-
Notifications
You must be signed in to change notification settings - Fork 71
Description
/kind bug
What happened?
Setting the startup taint (s3.csi.aws.com/agent-not-ready:NoExecute) can result in nodes not reaching the ready state in a timely manner. I notice this when using Karpenter to set the startup taints. I have not tested startup taints on an EKS Managed Node Group (MNG). What I see is very similar to this issue with the EBS CSI Driver.

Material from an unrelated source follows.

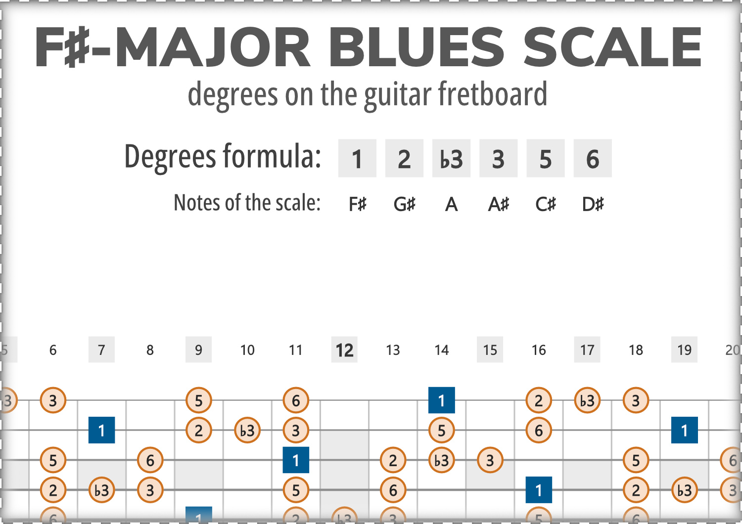 F#-Major Blues consists of the notes F#, G#, A, A#, C#, D#, and its scale-degree formula is 1-2-b3-3-5-6.

What you expected to happen?
Taint to be removed immediately after CSI driver registration.
How to reproduce it (as minimally and precisely as possible)?
On an EKS cluster with the Mountpoint for S3 CSI Driver Add-On, and Karpenter deployed for node autoscaling, configure the NodePool to add the startup taint. Scale a Deployment such that new nodes are created. Watch the logs of the "s3-plugin" container in the "s3-csi-node" Pod. The Deployment does not need to specify Mountpoint for S3 volumes - any simple application will do.
Anything else we need to know?:
Excerpts from "s3-plugin" logs. Beginning of the logs:
I1101 17:23:25.143662 1 driver.go:103] Driver version: 2.1.0, Git commit: 83d9ceb6555182811ce0178627530b7bd58b73e9, build date: 2025-10-02T17:29:59Z, nodeID: ip-172-31-70-229.us-gov-west-1.compute.internal, mount-s3 version: 1.20.0, kubernetes version: v1.33.5-eks-113cf36
I1101 17:23:25.146267 1 mount_linux.go:282] Detected umount with safe 'not mounted' behavior
I1101 17:23:25.146537 1 envvar.go:172] "Feature gate default state" feature="WatchListClient" enabled=false
I1101 17:23:25.146568 1 envvar.go:172] "Feature gate default state" feature="InformerResourceVersion" enabled=false
I1101 17:23:25.146591 1 reflector.go:305] Starting reflector *v1.Pod (1m0s) from pkg/mod/k8s.io/client-go@v0.31.3/tools/cache/reflector.go:243
I1101 17:23:25.146604 1 reflector.go:341] Listing and watching *v1.Pod from pkg/mod/k8s.io/client-go@v0.31.3/tools/cache/reflector.go:243
I1101 17:23:25.150738 1 reflector.go:368] Caches populated for *v1.Pod from pkg/mod/k8s.io/client-go@v0.31.3/tools/cache/reflector.go:243
I1101 17:23:25.254162 1 driver.go:232] Using `spec.nodeName` filter for caching MountpointS3PodAttachment as the cluster supports it
I1101 17:23:25.255631 1 reflector.go:305] Starting reflector *v2.MountpointS3PodAttachment (57.944571727s) from pkg/mod/k8s.io/client-go@v0.31.3/tools/cache/reflector.go:243
I1101 17:23:25.255652 1 reflector.go:341] Listing and watching *v2.MountpointS3PodAttachment from pkg/mod/k8s.io/client-go@v0.31.3/tools/cache/reflector.go:243
I1101 17:23:25.256890 1 reflector.go:368] Caches populated for *v2.MountpointS3PodAttachment from pkg/mod/k8s.io/client-go@v0.31.3/tools/cache/reflector.go:243
I1101 17:23:25.356586 1 driver.go:192] Listening for connections on address: &net.UnixAddr{Name:"/var/lib/kubelet/plugins/s3.csi.aws.com/csi.sock", Net:"unix"}
I1101 17:23:25.356643 1 taint.go:61] Starting taint watcher for taint s3.csi.aws.com/agent-not-ready in node ip-172-31-70-229.us-gov-west-1.compute.internal (max duration: 10m0s)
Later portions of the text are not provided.